Le plaisir à en perdre la tête.
Pourquoi lire cette biographie écrite par l'écrivain Stefan Zweig sur la dernière reine de France ? Qu'est ce qui différencie cet ouvrage des autres traitant de la vie de Marie-Antoinette ?
Comme l'auteur le précise à la fin de son livre dans la postface, le choix des sources de documentation et les correspondances épistolaires ont tenu un rôle primordial dans la création de cette biographie. Zweig a opté pour des éléments restreints en nombre mais à l’authenticité inattaquable. Il en découle un livre extrêmement cohérent où l'auteur comble les vides de l'histoire avec une acuité intellectuelle remarquable et une empathie profonde. Ses analyses, quant aux motivations de ces personnes entrées dans l'Histoire, sont tout à fait argumentées et convaincantes.
Même si le livre se concentre sur Marie-Antoinette, il n'en oublie pas son entourage proche, acteur décisif dans l'évolution de son caractère et de ses sentiments. Zweig ne s'égare pas dans un énième cours d'histoire, avec accumulation de dates et digressions intempestives, il cerne son sujet au plus près, préférant l'approche psychologique à la simple énumération de faits exhaustifs. Une aura romanesque se dégage de l'écrit, prouvant une fois encore que la réalité est un fabuleux matériau pour qui sait le façonner.
Sans jamais tomber dans le racoleur ou le spectaculaire, le morbide ou le misérabilisme, l'auteur garde ses distances avec son sujet, sans prendre partie. A aucun moment il ne dénonce ou encourage, pardonne ou accuse. Il n'y a pas de coupable, car personne n'est tout à fait innocent.
La formidable richesse de la documentation couplée à l'analyse ne seraient rien sans l'écriture racée de Zweig qui approche son oeuvre des sommets.
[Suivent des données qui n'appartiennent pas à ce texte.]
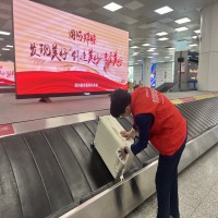 为行李提供多一份“呵护”。为进一步提升行李服务品质,郑州机场在行李装卸、分拣等岗位设立“呵护”站,遇到雨雪天气时,温情推出行李擦拭服务,确保行李的干净整洁。对于轻微划痕损伤行李,在行李提取大厅,提供免费维修服务,让旅客感受到贴心入微的服务。在行李搬运摆放时,严格按照“行李轮子不触转盘、侧立码放、把手朝上”的标准,遵守“腰弯一点、拿稳一点、放轻一点”的服务准则,为旅客行李提供多一份“呵护”。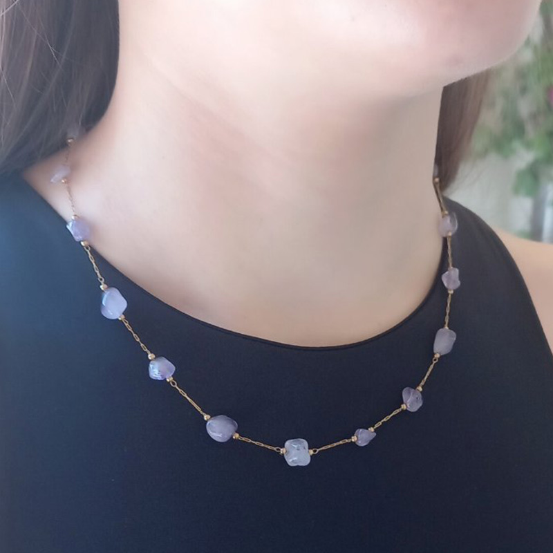 Κολιέ ατσάλινο χρυσού χρώματος, σε αλυσίδα μήκους 47 cm, η οποία διακοσμείται με πέτρες αμέθυστου σε ακανόνιστο σχήμα.

Riche et concis, sans emphase ni lourdeurs, le style de l'autrichien est d'une fluidité rare. Cette merveilleuse écriture du XIXè siècle apparaît ici dans tout ce qu'elle a de plus éloquent. C'est un savoir faire cauteleux, une attitude face au travail méthodique et passionnée qui ont dû animer Stefan Zweig pour qu'il puisse accoucher d'une oeuvre aux accents si intemporels.
Après mes adieux à la reine, je vogue vers d'autres rivage en compagnie de Magellan qui, j'en suis convaincue, saura tout autant me faire voyager.